From: Michal Hocko <mhocko@kernel.org>
To: Steven Haigh <netwiz@crc.id.au>
Cc: linux-mm@kvack.org, Andrew Morton <akpm@linux-foundation.org>,
bugzilla-daemon@bugzilla.kernel.org
Subject: Re: [Bug 196729] New: System becomes unresponsive when swapping - Regression since 4.10.x
Date: Thu, 24 Aug 2017 14:41:39 +0200 [thread overview]
Message-ID: <20170824124139.GJ5943@dhcp22.suse.cz> (raw)
In-Reply-To: <3069262.adKtTK0b29@wopr.lan.crc.id.au>
On Thu 24-08-17 00:30:40, Steven Haigh wrote:
> On Wednesday, 23 August 2017 11:38:48 PM AEST Michal Hocko wrote:
> > On Tue 22-08-17 15:55:30, Andrew Morton wrote:
> > > (switched to email. Please respond via emailed reply-to-all, not via the
> > > bugzilla web interface).
> >
> > > On Tue, 22 Aug 2017 11:17:08 +0000 bugzilla-daemon@bugzilla.kernel.org
> wrote:
> > [...]
> >
> > > Sadly I haven't been able to capture this information
> > >
> > > > fully yet due to said unresponsiveness.
> >
> > Please try to collect /proc/vmstat in the bacground and provide the
> > collected data. Something like
> >
> > while true
> > do
> > cp /proc/vmstat > vmstat.$(date +%s)
> > sleep 1s
> > done
> >
> > If the system turns out so busy that it won't be able to fork a process
> > or write the output (which you will see by checking timestamps of files
> > and looking for holes) then you can try the attached proggy
> > ./read_vmstat output_file timeout output_size
> >
> > Note you might need to increase the mlock rlimit to lock everything into
> > memory.
>
> Thanks Michal,
>
> I have upgraded PCs since I initially put together this data - however I was
> able to get strange behaviour by pulling out an 8Gb RAM stick in my new system
> - leaving it with only 8Gb of RAM.
>
> All these tests are performed with Fedora 26 and kernel 4.12.8-300.fc26.x86_64
>
> I have attached 3 files with output.
>
> 8Gb-noswap.tar.gz contains the output of /proc/vmstat running on 8Gb of RAM
> with no swap. Under this scenario, I was expecting the OOM reaper to just kill
> the game when memory allocated became too high for the amount of physical RAM.
> Interestingly, you'll notice a massive hang in the output before the game is
> terminated.

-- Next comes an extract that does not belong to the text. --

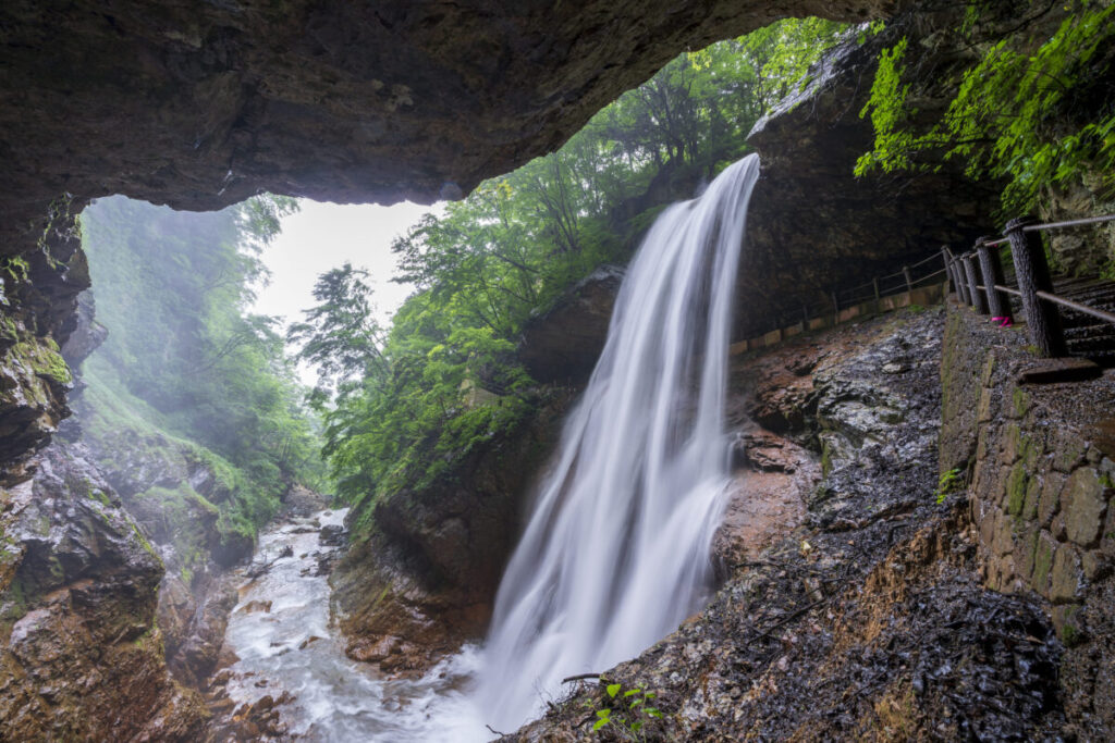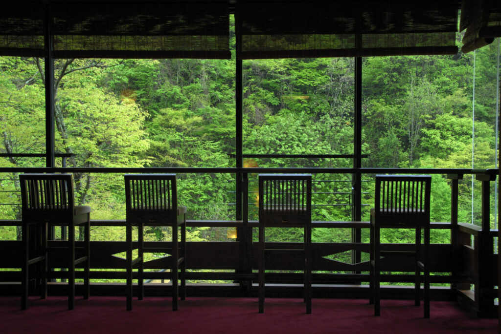 国定公園内の整備されていない自然を感じる滞在、体験そのものを提供します。当館は、一級河川千曲川の支流「松川」が流れる「松川渓谷」沿いに立地しており、ロビー、全客室、大浴場から、四季折々の渓谷美を愉しむことができます。今までも好評をいただいていたその景観美を、一番近くで感じていただける空間が誕生しました。松川渓谷にせり出すウッドデッキにテントが設置されており、快適なテント内にいながらも、木々に囲まれた神秘的な渓谷美と四季折々の移ろいをダイナミックに体感いただけます。ウッドデッキにはリラックスいただけるキャンプチェアをご用意、夜空を見上げれば世界第3位に選ばれた満天の星が広がります。自然に包まれ、自然に触れ、身も心も癒されるひと時を過ごせます。(写真上から夏の雷滝、秋の松川渓谷)

I didn't see this before.
I have checked few gaps. E.g. vmstat.1503496391 vmstat.1503496451 which
is one minute. The most notable thing is that there are only very few
pagecache pages
[base] [diff]
nr_active_file 1641 3345
nr_inactive_file 1630 4787
So there is not much to reclaim without swap. The more important thing
is that we keep reclaiming and refaulting that memory
workingset_activate 5905591 1616391
workingset_refault 33412538 10302135
pgactivate 42279686 13219593
pgdeactivate 48175757 14833350
pgscan_kswapd 379431778 126407849
pgsteal_kswapd 49751559 13322930
so we are effectivelly trashing over the very small amount of
reclaimable memory. This is something that we cannot detect right now.
It is even questionable whether the OOM killer would be an appropriate
action. Your system has recovered and then it is always hard to decide
whether a disruptive action is more appropriate. One minute of
unresponsiveness is certainly annoying though. Your system is obviously
under provisioned to load you want to run obviously.
It is quite interesting to see that we do not really have too many
direct reclaimers during this time period
allocstall_normal 30 1
allocstall_movable 490 88
pgscan_direct_throttle 0 0
pgsteal_direct 24434 4069
pgscan_direct 38678 5868
> 8Gb-swap-on-file.tar.gz contains the output of /proc/vmstat still with 8Gb of
> RAM - but creating a file with swap on the PCIe SSD /swapfile with size 8Gb
> via:
> # dd if=/dev/zero of=/swapfile bs=1G count=8
> # mkswap /swapfile
> # swapon /swapfile
>
> Some times (all in UTC+10):
> 23:58:30 - Start loading the saved game
> 23:59:38 - Load ok, all running fine
> 00:00:15 - Load Chrome
> 00:01:00 - Quit the game
>
> The game seemed to run ok with no real issue - and a lot was swapped to the
> swap file. I'm wondering if it was purely the speed of the PCIe SSD that
> caused this appearance - as the creation of the file with dd completed at
> ~1.4GB/sec.
Swap IO tends to be really scattered and the IO performance is not really
great even on a fast storage AFAIK.
Anyway your original report sounded like a regression. Were you able to
run the _same_ workload on an older kernel without these issues?
--
Michal Hocko
SUSE Labs
--
To unsubscribe, send a message with 'unsubscribe linux-mm' in
the body to majordomo@kvack.org. For more info on Linux MM,
see: http://www.linux-mm.org/ .
Don't email: <a href=mailto:"dont@kvack.org"> email@kvack.org </a>
next prev parent reply other threads:[~2017-08-24 12:41 UTC|newest]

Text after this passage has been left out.